Carlo Ferro, President of the Italian Trade Agency (ICE-ITA), told The Japan Times in early March that he was thrilled at the opportunity to attend Foodex Japan 2019, Asia’s largest food and beverage trade show and now in its 44th year of operation, as one of his first overseas engagements since stepping into the role on Jan. 7.
Almost 15,000 Italian companies are said to export to Japan, and the number of jobs in Italy that EU exports to Japan help support is said to be almost 89,000. Japan comes in 12th place for Italian food and beverage exports, and third among non-EU countries, according to ICE-ITA figures for 2017-2018.
Ferro said the purpose of his visit to Foodex Japan was multifaceted. Citing figures of $11 billion in exports to Japan, he said through visiting the event, he hoped to capitalize on the momentum granted by the recent signing of the economic partnership agreement (EPA) between the European Union and Japan on Feb. 1, an act “which could only expand on the success of countries’ commercial relationship.” Ferro also wanted to give general recognition and thanks to the Japanese market, noting that Italian exports to the country grew 8 percent in 2018.

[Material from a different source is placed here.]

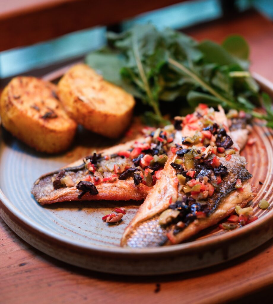 Levrek Balığı, Kişniş, Limon, Şili Biberi, Roka, Patates / Sea Bass, Coriander, Lime, Chile Pepper, Arugula, Potato

“The third reason is the relevance and focus on the wine and agri-food strategies of the Italian Trade Agency,” Ferro continued, adding that the fourth reason was to be present, campaign for and support clients in the lead-up to the 2020 Tokyo Olympics, where focus will be on increased business supplying the hotel and restaurant industries. “We are focusing on micro, small and medium enterprises, and concentrating our efforts (toward helping all Italian territories) from north to south,” he said, acknowledging the over 190 exhibitors from 16 provinces who showcased their wares at the Foodex Japan Italian pavilion. “Over 40 percent of these companies have fewer than 20 employees,” Ferro stressed.
“I was very impressed with a statement made by State Minister of Agriculture, Forestry and Fisheries Yasuhiro Ozato,,” Ferro said. “He mentioned that trade is not only concerned with merchandise — trade is also about culture and passion. There is, of course, a high level of culture, passion and tradition tied into Italy’s food, agriculture and wine supply,” he continued, noting that the strength of the “Made in Italy” brand is part of the country’s legacy.
Digitalization and e-commerce, supporting young companies and startups and building on the “Made in Italy” brand are all priorities for Ferro over the coming year. “I see significant opportunities where digital technology can support process innovation, including export processes,” Ferro said. “Digital technology can be used to protect the traceability of the product and the denomination of a region. Digital opportunities also abound concerning big data and how this relates to agribusiness, markets and food industries.”
“Italian exports to Japan are in the range of 1.1 percent, but Italian exports on a global basis rank about 3 percent. I think there is a significant opportunity to expand, better align [with the market] and increase appreciation of Italian products by Japanese customers not only in traditional areas like fashion, food, and mechanics, but also in areas like technology where Italy boasts excellence in innovation,” Ferro said.
With promotions of cuisine, foodstuffs and wine from southern Italy; tastings and introductions to Italian cheeses such as Asiago, Fontina, Gorgonzola and Mozzarella di Bufala Campana by Miyuki Murase, director, Cheese Art Fromager Association of Japan; and an in-house cafe staffed by Japan’s award-winning baristas, Italy boasted a sizeable presence at Foodex. “The companies here represent Italy’s typology of food by geography, by territory and by the size of the enterprises,” Ferro concluded, urging potential clients to also keep up to date with announcements from the ITA offices in Minami-Aoyama, Tokyo.